LIN28 increases the NB population in the SVZ at 3 DPE. A) Bar graph showing the average percent of GFP⁺ cells positive for DCX, a marker for NBs, at 3 DPE; n = 7 slices (control), n = 6 slices (LIN28::GFP). B) Representative ×10 sagittal micrographs showing the GFP⁺ cells (green) in the SVZ, RMS, and OB for control (upper) and LIN28 (lower) at 7 DPE. Original scale bars, 200 μM. C) Bar graph displaying the average total GFP⁺ cells at 7 and 21 DPE. Data (21 DPE) were presented earlier in Fig. 2; n = 11 slices (control), n = 7 slices (LIN28::GFP). A, C) Data are presented as means ± sem. **P ≤ 0.001 vs. control, Student’s t test.

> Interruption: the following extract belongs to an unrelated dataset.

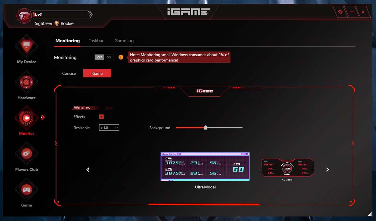 تأتي بطاقة COLORFUL iGame GeForce RTX 4070 SUPER Ultra W OC 12GB-V مع – أو بالأحرى متوافقة مع برنامج iGame القابل للتنزيل. هذا برنامج AIO مبهج المظهر لبطاقات الرسومات واللوحات الأم المختلفة من COLORFUL.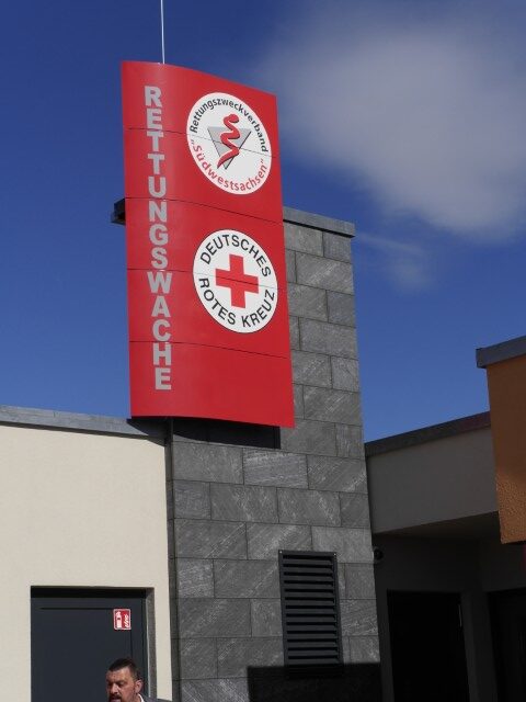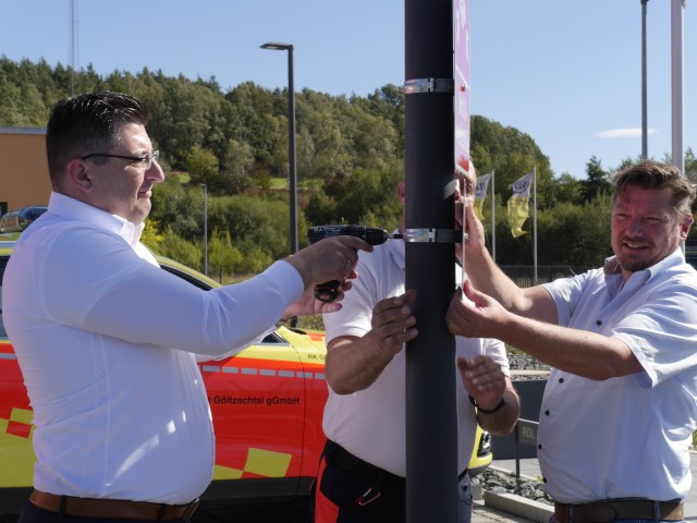 Gemeinsam brachten Landrat Thomas Hennig sowie RZV-GF Jens Leistner die auffällig roten Schilder im Einfahrtsbereich der Rettungswache an. „Wir wollen, dass unsere Bürgerinnen und Bürger auch dann Hilfe bekommen, wenn die gewohnten Wege einmal nicht funktionieren“ so Hennig und weiter: „Mit den Notfallmeldestellen schaffen wir eine zusätzliche Sicherheitsebene und stärken den Schutz der Bevölkerung. Dies schaffen wir nur gemeinsam mit den Städten und Gemeinden sowie den Rettungszweckverband Südwestsachsen, vielen Dank für die Unterstützung.„

LIN28 causes early astrogliogenesis but ultimately, a reduction in the total number of astrocytes

At 3 DPE, we occasionally observed production of GFP⁺ astrocytes following LIN28 electroporation well before they should normally appear. Although the appearance of these astrocytes was infrequent and difficult to quantify as a result of low numbers, we saw this with independent electroporations of LIN28 plasmids, and early astrocytes were never present in control conditions at this time point. We further explored the glial population at other time points to determine whether LIN28 altered astrogliogenesis. To do this, we looked at GFP⁺ astrocytes in the striatum at 21 DPE, the time when the population of astrocytes peaks. We found the astrocyte populations were distinctly different between the control and constitutive LIN28 (Fig. 5A). We quantified astrocytes in the striatum bordering the SVZ as a percent of the GFP⁺ cells. LIN28 reduced the number of astrocytes by 50%: 26% in control and 13% in constitutive LIN28 conditions (Fig. 5B). The control averaged 22 GFP⁺ astrocytes in the striatum per slice, whereas constitutive LIN28 averaged 7 GFP⁺ astrocytes per slice (Fig. 5C). In addition, we quantified the number of astrocytes per area (square millimeters) in each condition. Constitutive LIN28 significantly reduced the astrocytes per area by 68% (Fig. 5D). These data suggest that constitutive expression of LIN28 occasionally caused early astrocyte production but by the same token, caused a reduction in the quantity of astrocytes overall.

Figure 5.

LIN28 reduces the total number of astrocytes at 21 DPE in the striatum. A) Representative ×40 micrographs showing GFP (green)/GFAP⁺ (red) astrocytes in the striatum of control (upper) and LIN28 (lower) at 21 DPE. Original scale bars, 50 μM. B) Bar graph displaying the average percent of GFP⁺ cells that are positive astrocytes in the striatum bordering the SVZ at 21 DPE; n = 12 slices (control), n = 15 slices (LIN28::GFP). C) The average number of GFP⁺ astrocytes in the striatum per slice at 21 DPE; n = 7 slices. D) Bar chart depicting the average number of GFP⁺ astrocytes per area (square millimeters) at 21 DPE; n = 7 slices. B–D) Data are presented as means ± sem. *P ≤ 0.05, ***P ≤ 0.005 vs. control, Student’s t test.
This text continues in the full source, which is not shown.